Fashioning futures

Uncertainty and young women’s livelihoods in urban Nigeria

Project lead: Juliet Gilbert

Fashioning Futures examines the future-making strategies of single young women as they attempt to grow up into respectable adults in Calabar, southeastern Nigeria. Drawing on 18 months of ethnographic fieldwork, I chart young women’s daily lives across various social spaces of a relatively small city. The city is shaped by Pentecostalism and patriarchal conservatism as well as the fakery, illusion and other uncertainties that have come to characterise Nigeria in recent decades. I show how young women’s ultimate aspiration of receiving a favourable marriage proposition requires them to constantly work on themselves as singletons to fashion themselves as cosmopolitan, socially mobile, stylish and spiritually wealthy young women. But that, often-times, successfully cultivating this image of feminine respectability necessitates them to engage in activities that could tarnish their reputations. Navigating social spaces such as their fathers’ houses, churches, the city’s busy streets, mobile phone communication, sewing shops and beauty parlours, young women – ever under the watchful eyes of others in and beyond the city – must deftly manage their appearances if they are to realise the futures that they believe God has planned for them.

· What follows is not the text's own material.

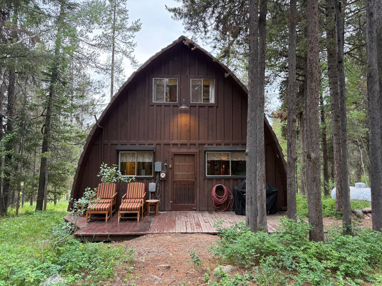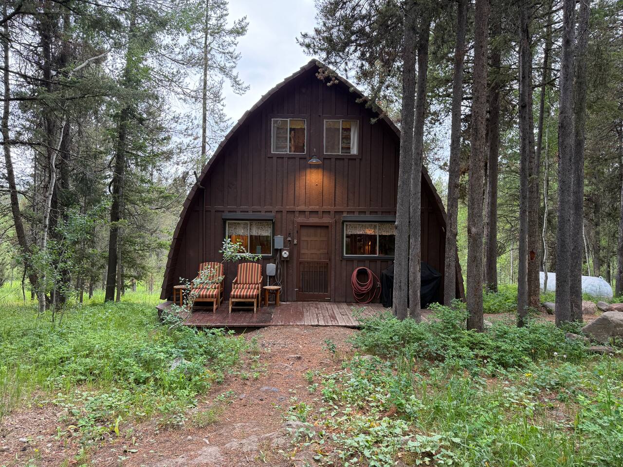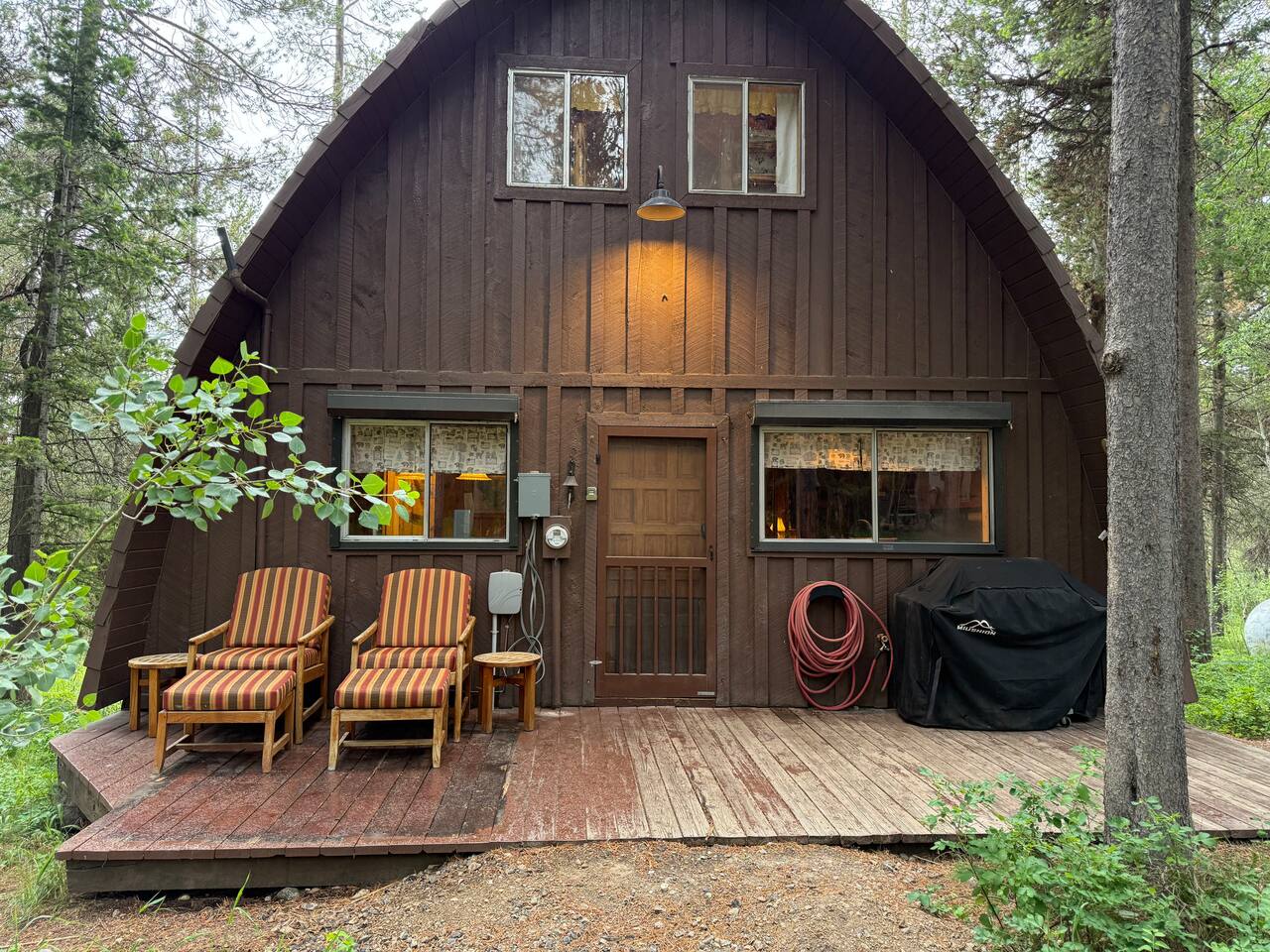 Tucked beneath the towering pines of Island Park, Cedar Chalet is your classic cozy cabin in the woods—rustic, warm, and full of charm. This A-frame-style retreat is perfect for those seeking a peaceful mountain escape. Inside, you’ll find woodsy details, a snug living space, and just the right touch of wilderness flair.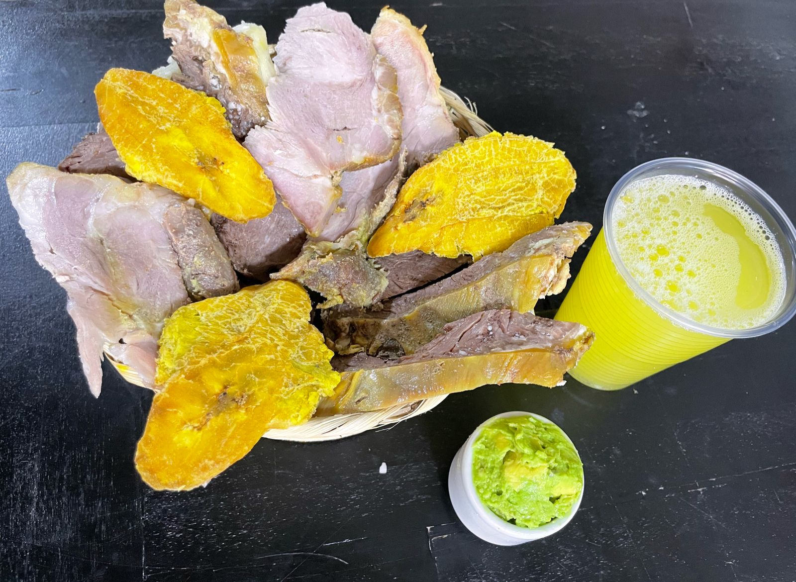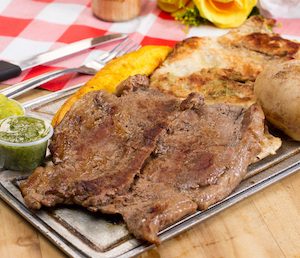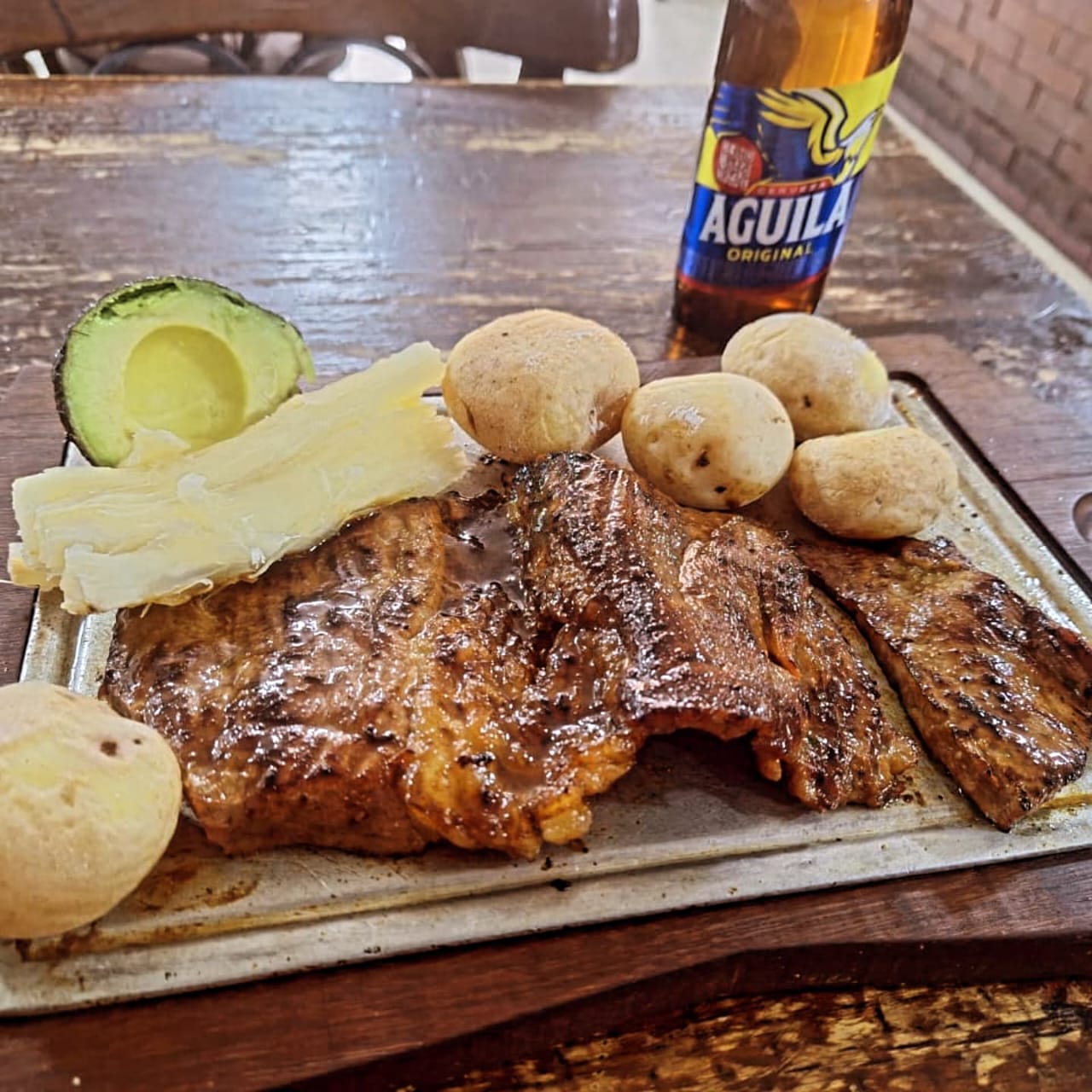 Plato generoso de carne a la llanera, chigüiro, guacamole, papa y yuca con bebida de la casa.

Fashioning Futures makes a much-needed intervention in the masculine-dominated studies of youth in Africa by shedding light on the actions and aspirations of young women, a largely over-looked social group. Doing so, it complicates our understanding of youthhood, both as a time of experience and as an analytical category. For young women, the time of youth is not one of rupture but one of contingency in that this group’s much hoped-for futures depend on how well they manage their reputations as singletons.

Crucially, this quest for feminine respectability is not only hampered by the uncertainties of life in urban Nigeria. Some uncertainties, such as illusion, fakery and fraud, can also be a resource for young women to cultivate the success that could lead to a favourable marriage proposition. I show how young women not only grow up amid uncertainty but must also actively engage with it in order to grow up. Fashioning Futures illuminates how young women actively contribute to the inconsistencies of life in urban Nigeria with their own feminized versions of uncertainty.